- [What to do]: Leaving out the images, please reproduce each line below exactly.

- [Data provided]:
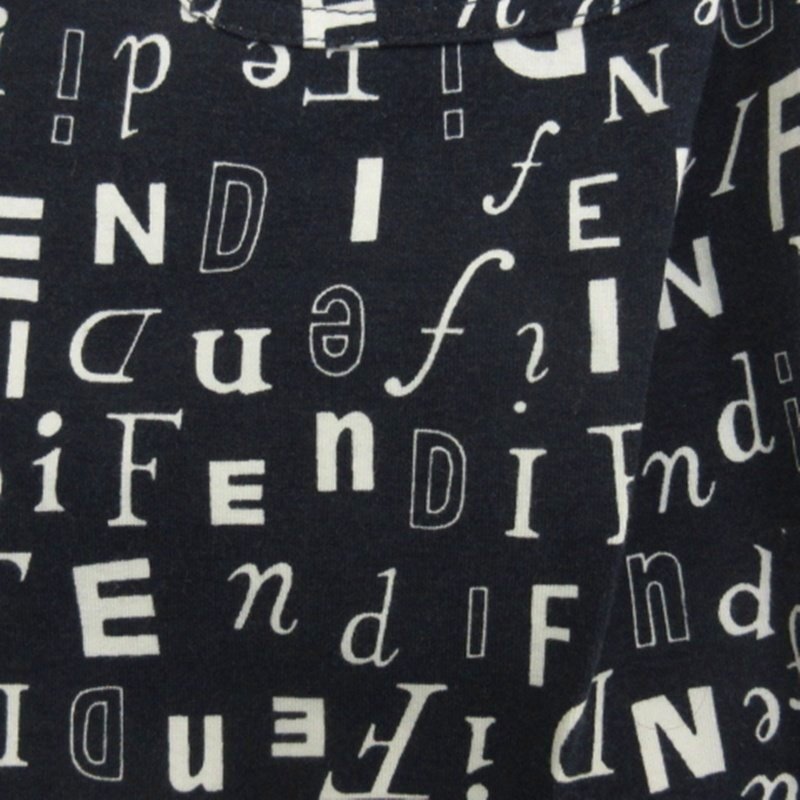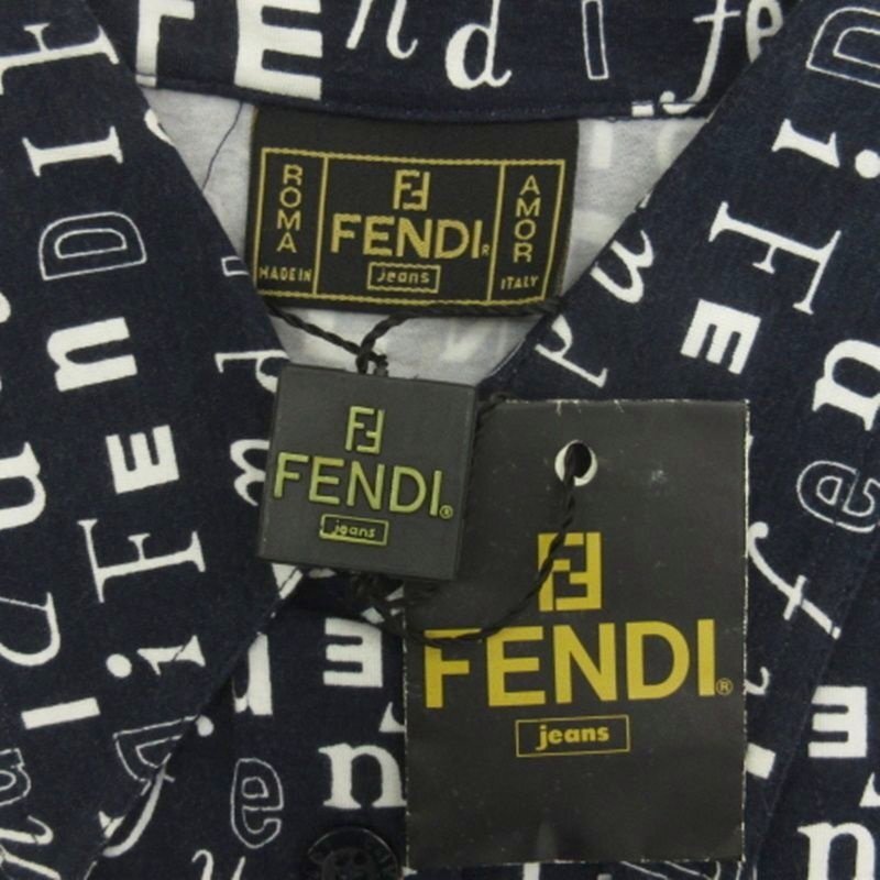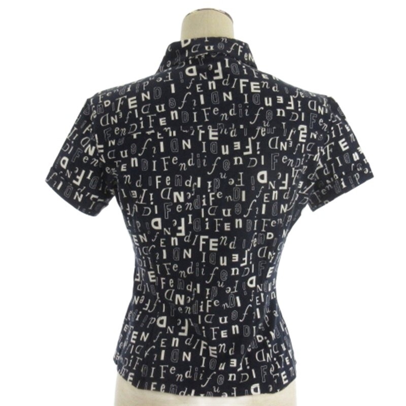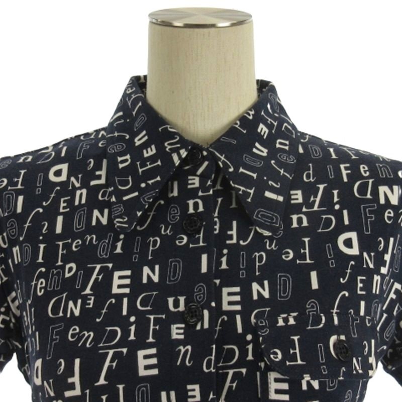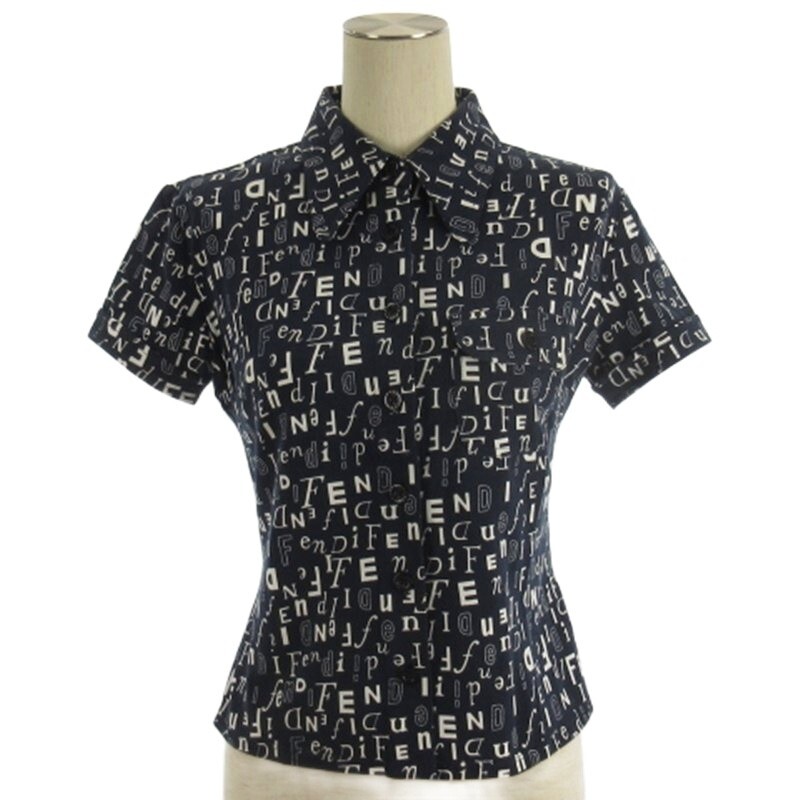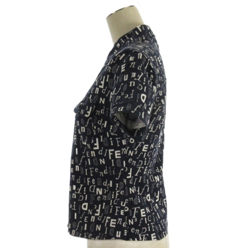 フェンディ FENDI ロゴ シャツ 半袖 総柄 ネイビー 40 ☆AA★ レディース
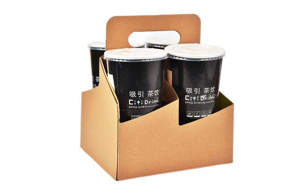 La vendita calda porta via la scatola di carta marrone per 2 o 4 tazze con manico a farfalla per caffè caldo
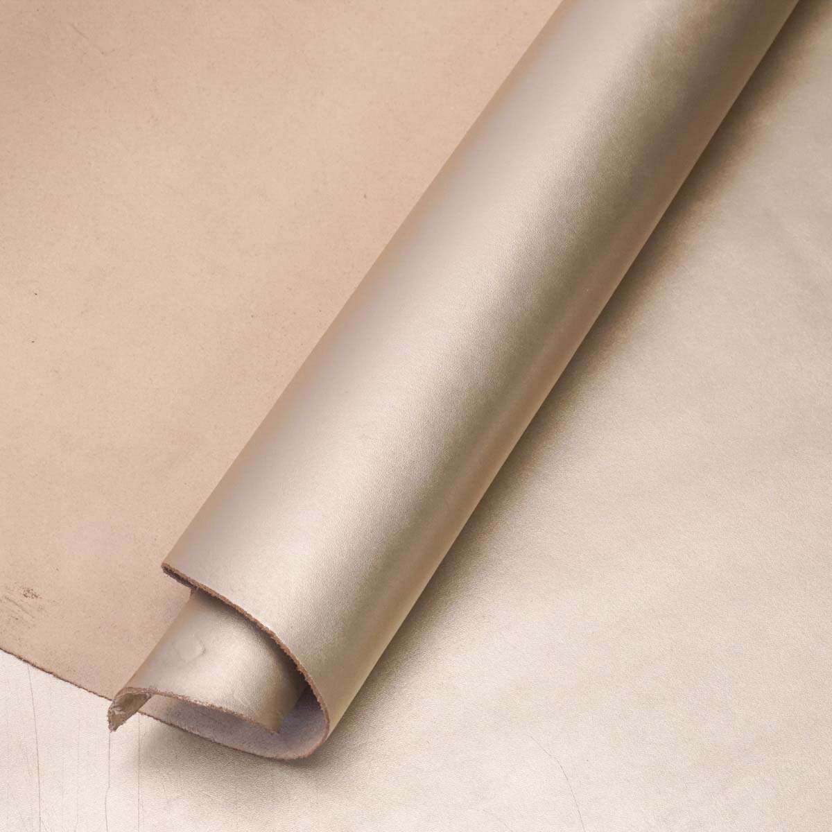 Metallic Cow Side - Platinum. 3-4 oz. (1.19 - 1.60mm). Sides average 18-24 sq ft. Sold by the sq ft. We will cut.

- [Output of the task]:
 フェンディ FENDI ロゴ シャツ 半袖 総柄 ネイビー 40 ☆AA★ レディース
 La vendita calda porta via la scatola di carta marrone per 2 o 4 tazze con manico a farfalla per caffè caldo
 Metallic Cow Side - Platinum. 3-4 oz. (1.19 - 1.60mm). Sides average 18-24 sq ft. Sold by the sq ft. We will cut.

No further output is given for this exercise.